Run battle() in another thread. This is probably a bad idea.
Why are 2. and 3. bad ideas? On a mobile device, battery life is precious, and running a check to see if you need to do something over and over again will keep the CPU busy chewing up battery life. Much better to sit there idle until you need to do something - this is what option 1 achieves.
So if 2. and 3. are bad ideas, why mention them? Welllllll, 2. I mention because it's the closest thing I've got to an answer to the question you actually asked. I mention 3. because there's a sense in which your current code is a fairly clear embodiment of the game logic. You could rework it so it runs in a separate thread, and instead of nextMove() returning true, nextMove() waits until the player makes a move (this would involve semaphores or mutexes or promises). But this would be an explicitly multi-threaded program, and as such would be difficult to write correctly. I recommend you don't attempt it at this stage in your programming career - the most likely outcome is a program that stops and waits forever, or that corrupts its data structures, in a way that is exceedingly difficult to diagnose.
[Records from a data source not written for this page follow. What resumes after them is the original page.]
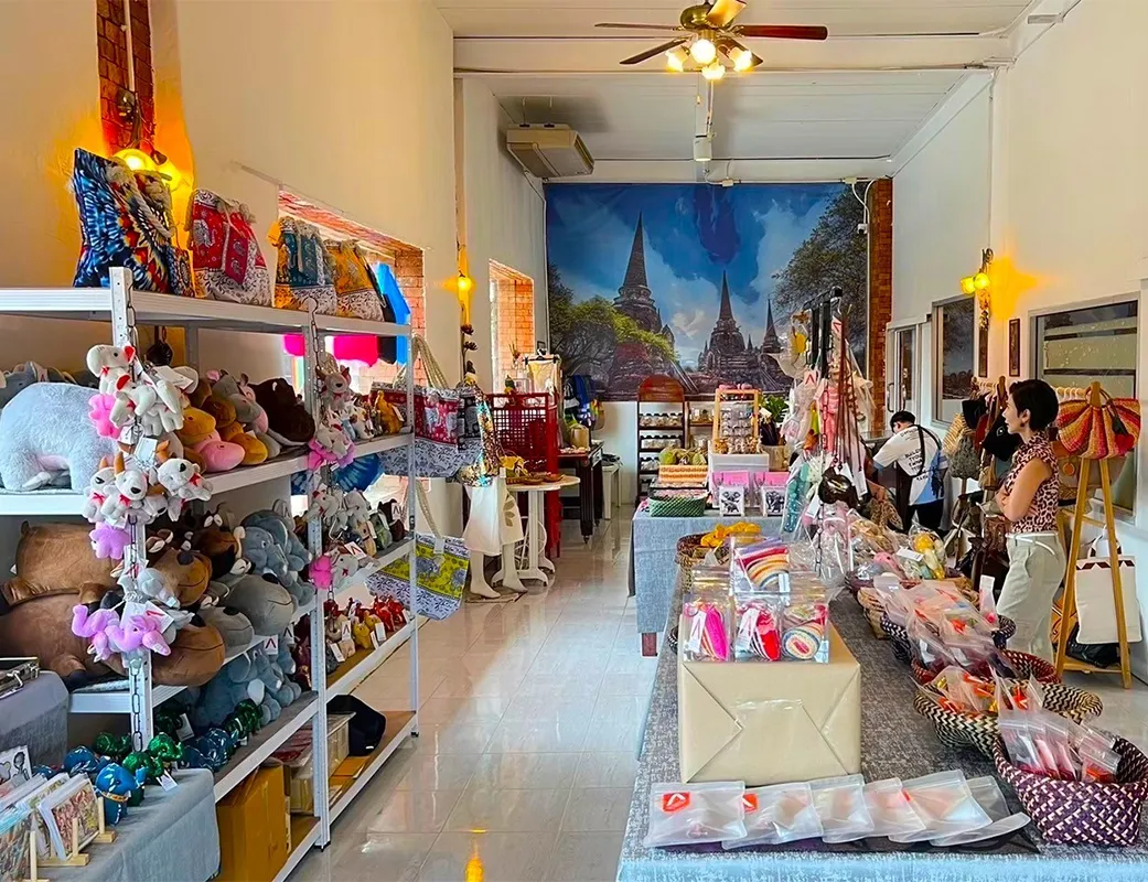 ร้านตั้งอยู่ตรงข้ามปางช้าง ภายในตลาดน้ำอโยธยา เดินทางสะดวก มีที่จอดรถบัสกว้างขวางไม่ต้องวนหาที่จอด ที่นี่เป็นจุดแวะหลักของนักท่องเที่ยวในอยุธยา ที่มาครบทั้งของกิน ของฝาก และวิวถ่ายภาพสวยๆ ก่อนกลับบ้าน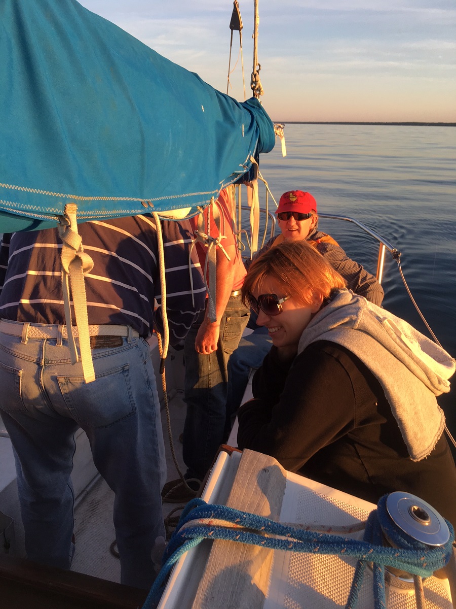 Another near line -- for each boat crossing, Janusz honked the horn, Anna read the time, Ted recorded it, and Margaret took several photos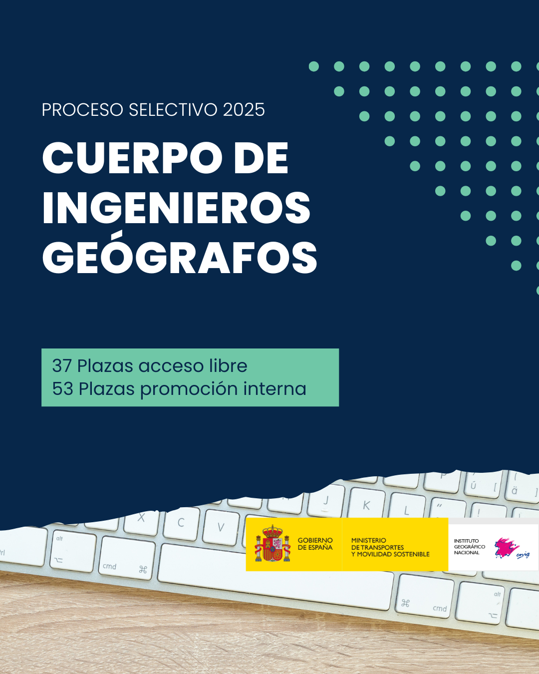 11/11/2025Proceso selectivo para ingreso en el Cuerpo de Ingenieros Geógrafos![]() Se ha convocado proceso selectivo para el ingreso, por el sistema general de acceso libre y promoción interna, en el Cuerpo de Ingenieros Geógrafos. El proceso selectivo se realizará mediante el sistema de oposición para las personas aspirantes que se presenten por el turno de acceso libre y mediante el sistema de concurso–oposición para aquellas que lo hagan por el turno de acceso por promoción interna. Por acceso libre cubre 37 plazas y por promoción interna cubre 53 plazas. El plazo de solicitud es de 20 días hábiles contados a partir del día siguiente al de la fecha de publicación de la convocatoria en el «Boletín Oficial del Estado». Puedes consultar esta convocatoria en su publicación en el BOE. |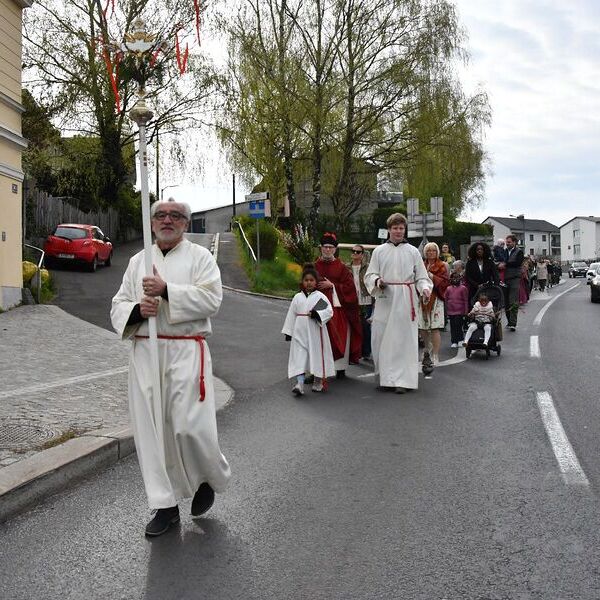 Die Auferstehungsfeier am Karsamstag begann am Kirchenplatz mit der Feuerweihe und dem Entzünden der Osterkerze. Das Osterfeuer entzündeten traditionell die Pfadfinder. Musikalisch wurde die Feier vom RhythmusChor gestaltet. Die im Gottesdienst geweihten Speisen wurden anschließend im Pfarrzentrum in geselliger Runde verzehrt.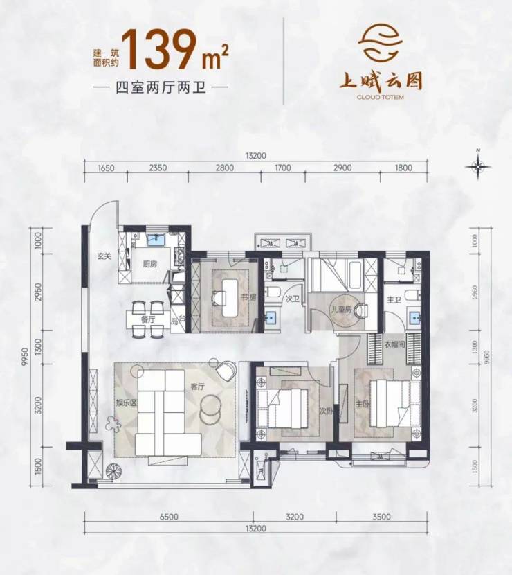 建面约139㎡户型,大横厅+四室规划,简直是二胎家庭的“理想家”……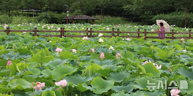 [인천=뉴시스] 전진환 기자 = 장맛비가 소강 상태를 보인 17일 오전 인천 남동구 소래습지생태공원 연꽃단지에 연꽃이 피어나고 있다. 2025.07.17. amin2@newsis.com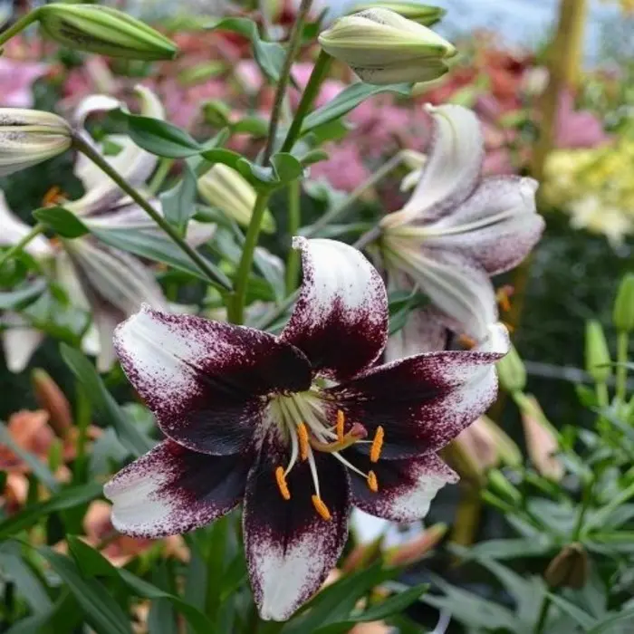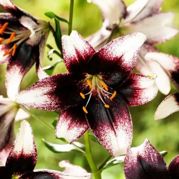Лилия Stracciatella Event (разбор 12/14). Куст плотный, лист узкий, зеленый. Цветки 20 см диаметром, воронковидные, одиночные или собраны в пирамидальные соцветия, расположены на конце цветоноса, лепестки цветка восковидной фактуры. Цветение обильное и продолжительное, декоративность сохраняется до конца осени. Высота растений 1,1 м, окраска цветка белая, пурпурное напыление, основание черное, центр чуть зеленовато-белый, пыльники оранжевые. Зона зимостойкости 4 (-35С).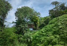 Dům stojí mezi vzrostlými stromy, jejichž kořeny se staly nedílnou součástí projektu. Terén svažující se dvěma směry určil tvar i dispozici stavby. Jedna z fasád záměrně chybí, obytný prostor se zcela otevírá okolní džungli, světlu i proudícímu vzduchu.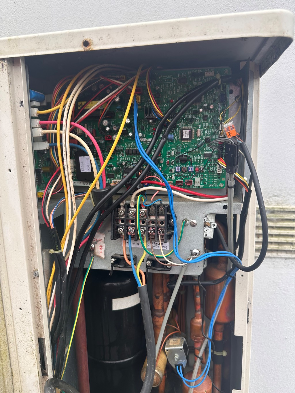 Une fois le diagnostic pré-établi par téléphone, l'examen de l'unité extérieure a confirmé l'absence totale de signal : aucune LED de contrôle n'était allumée sur le circuit de commande.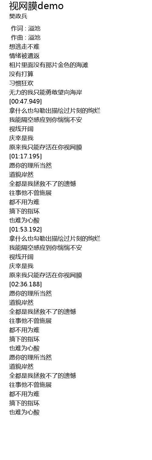 | [02:27.687] | 原来我只能存活在你视网膜 |
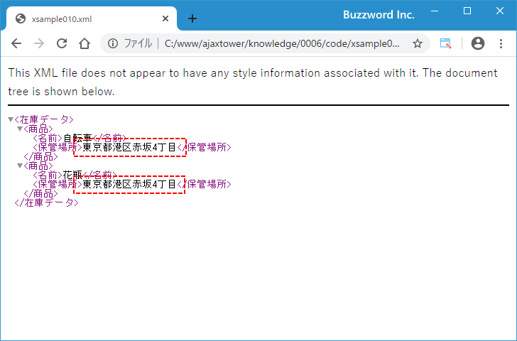 元の XML ファイルをブラウザで表示してみると次のように表示されます。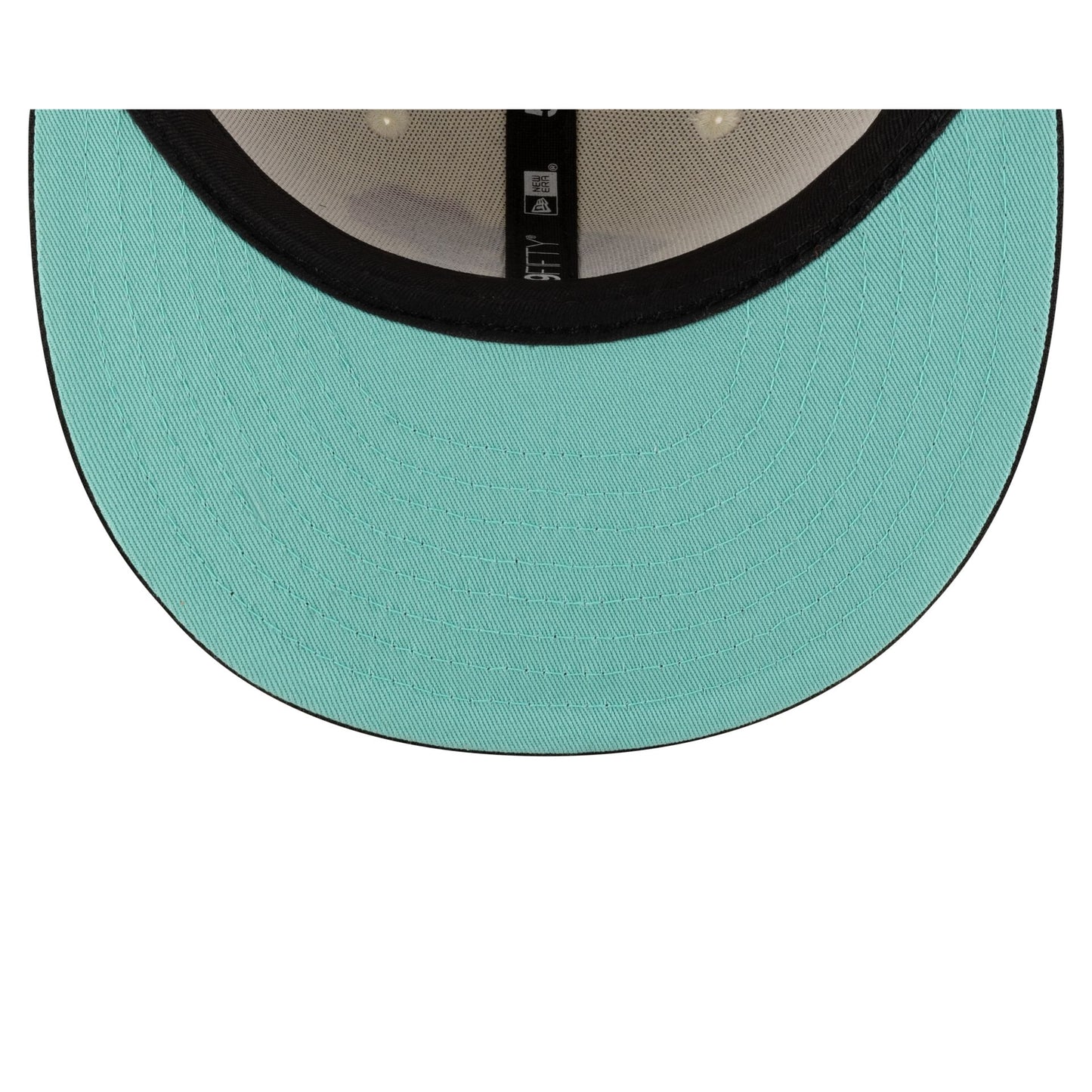 The Sultanes de Monterrey Two-Tone Rose 59FIFTY Fitted Cap features an embroidered Sultanes logo and roses at the front panels with a matching team wordmark at the right-wear side. Additional details include an alternate team wordmark at the rear with a black visor and a mint undervisor.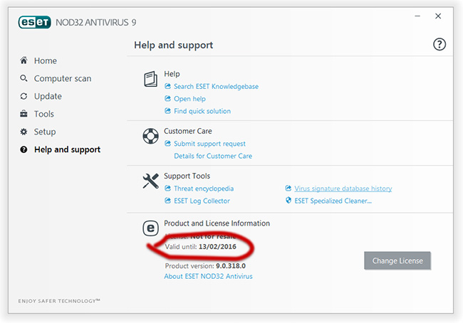 Във всички други случаи трябва да отворите менюто Помощ и поддръжка и да изберете опцията Проверка на валидността на лиценза.

Button.SetOnClickListener() function will be triggered, only when the user clicks on the button. As such it doesn't wait\block till the user input. This is by design in Android, that you cannot have a blocking window waiting for user input. Instead change your design to display hint saying 'now its user's move'.
User does first move by clicking the button.
SetOnclickListener() will be invoked. Have the user action code inside it.
Towards end of SetOnclickListener() have the computer action code.
With this cycle you can have user move and computer move chained.